# Schalten?



## Bunnyhopser (13. Dezember 2001)

Ich habe da mal eine Frage!
Ich weiß nicht so richtig die Übersetzung beim Pedalkick(22:17).
Was heißt das ,wie muss ich rechnen?
Ich dachte immer wenn ich das zweite Kettenblatt habe und hinten das dritte Ritzel,dann ist das der 6. Gang.Was bedeutet 22:17(22 Zähne vorne und 17 Zähne hinten)?
Bitte so ausführlich wie möglich beschreiben(Rechnung usw.)!

Danke schon mal Felix 

P.S.:Gruß an Mr.
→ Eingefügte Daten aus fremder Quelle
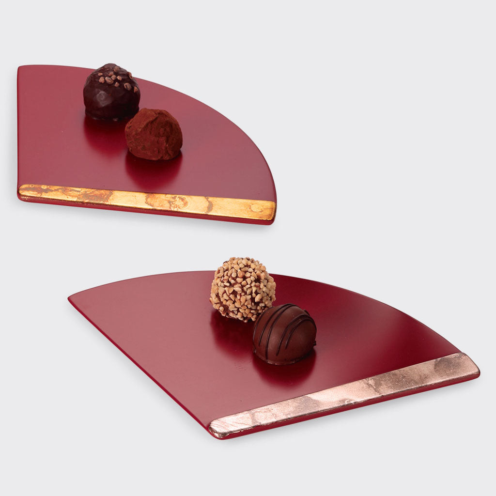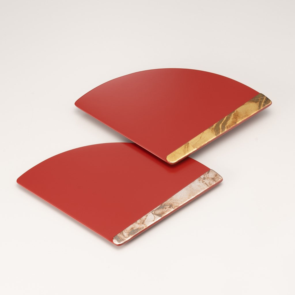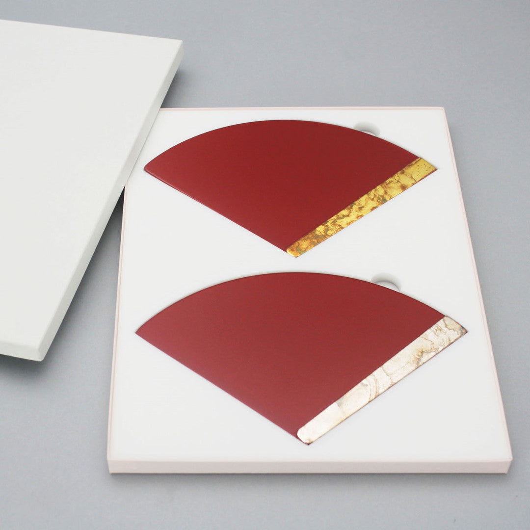 A set of plates with gold and silver foil accented in the shape of a fan that spreads out and is auspicious.

Hopperdiezel


----------



## gonzo_trial (13. Dezember 2001)

Namnd

die Zahlen geben die Zähnezahl der Kettenblätter an!
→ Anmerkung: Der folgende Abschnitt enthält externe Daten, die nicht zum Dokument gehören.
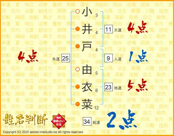 小(3画)井(4画)戸(4画) 由(5画)衣(6画)菜(12画)

also vorne 22Zähne = das kleinste

hinten 17 ist hm je nach kassette verschieden
einfach die zähne zählen

reiht das schon?

Ciaoi
Ronny


----------



## MTB-News.de




----------



## trialelmi (13. Dezember 2001)

hi felix

also 3 -4 zähne unterschied ist die regel max. 5 zähne sonst wird es zu schwer


----------



## gonzo_trial (14. Dezember 2001)

Hm ich fahr immer 22:19 hmm soll ich jetze umsteigen ich mein die meisten sachen kann man auch mit 22:17 aber irgendwie find ich das gefühl komisch

Ronny


----------



## trialelmi (14. Dezember 2001)

@gonzo_trial

check mal ne 4 zahnübersetzung  das ist nicht ganz so schwer aber treter geht  besser


----------



## biketrialer (15. Dezember 2001)

Hi leutz,
ich fahr auch ne 22:19 überstezung, hab mal die 22:17 ausprobiert komme damit aber gar net zurecht, werd bei 22:19 bleiben, den treter schaffe ich mit der übersetzung auch auf so 95cm direkt auf hinterrad (mitm Trial MTB)......
wichtig is letzendlich das mit dem sich jeder wohlfühlt, ich glaub da hat jeder fahrer so sein eigens setup....
trial rulez toto


----------



## Trialmatze (16. Dezember 2001)

Hallo,
mir haben schon viele gesagt, dass ich mit meiner 170er Kurbel ne komische Übersetzung fahre. Na gut, wenn das kleinste Kettenblatt 24 Zähne hat ist das schon nen bisl komisch, aber das ist alles nur Gewöhnungssache. Ich fahre mit ner 24:19 Übersetzung. 24:21 ist mir viel zu leicht. Ab und zu fahre ich auch 24:17, aber das ist dann eher die Ausnahme. Ich denke mir das die Übersetzung von Fahrer zu Fahrer unterschiedlich sein kann. Ich brauche ne schwerere Übersetzung, da ich sonst das Gefühl habe ins Lehre zu treten. 
@ Felix
du solltest dir unbedingt eine Art Durchschnittsübersetzung angewöhnen, die nicht zu leicht und nicht zu schwer ist. Wenn man nämlich im Trainingsparkur oder gar im Wett kampf mit ner großen Übersetzung fährt und man kommt an ein Hindernis, welches sich leichter mit ner kleinen Übersetzung überwinden lässt, dann ist es ziemlich schwer und unpassend den Gang zu wechseln ohne z.B. Punkte zu bekommen, da du die Absperrung überfährst. Die meisten Trialer, die ich kenne, fahren mit ner 22:19er Übersetzung. Probiere diese Übersetzung einfach mal an allen Hindernissen und bei allen Tricks aus und dann  wirst du schon merken ob diese Übersetzung zu schwer oder zu leicht 4 u ist. 

Gruß 
Matze


----------



## Trialmatze (16. Dezember 2001)

Ich muss zugeben, dass ich sowas noch nicht gesehen habe.
Solche Situationen habe ich auch gemeint als ich sagte, dass man sich eine Art Durchschnittsübersetzung angewöhnen sollte. Bei mir hats bis jetzt auch immer geklappt, aber ich muss zugeben, dass ich mich in einer solch krassen Situation noch nicht befunden habe.
Dem Stefan hat's ja auch sichtlich nicht gerade sehr angestrengt und wer den Gang während dem Trial wechseln kann, der soll's doch auch ruhig machen.

Gruß
Matze


----------



## gonzo_trial (16. Dezember 2001)

hm naja aber das nervt doch irgendwie den gang zu wechseln ich krich das auch manchmal hin man muß nur schwung haben ne ganze kurbelumdrehung zu schaffen oder fast ne ganze denn sonst wenn man wieder zurücktritt könnte der gang wieder zugückdrehen zum vorherigen naja alles übungssache brauchte aber bisher nix anderes als 22:19

Ciaoi
Ronny


----------



## Bunnyhopser (16. Dezember 2001)

Danke für die vielen Antworten,sie haben mir sehr viel weiter geholfen.Jetz klapps langsam mit dem Pedalkick.

Danke nocheinmal und frohe Weihnachten und ein glückliches neues Trialjahr,wünscht euch Felix


----------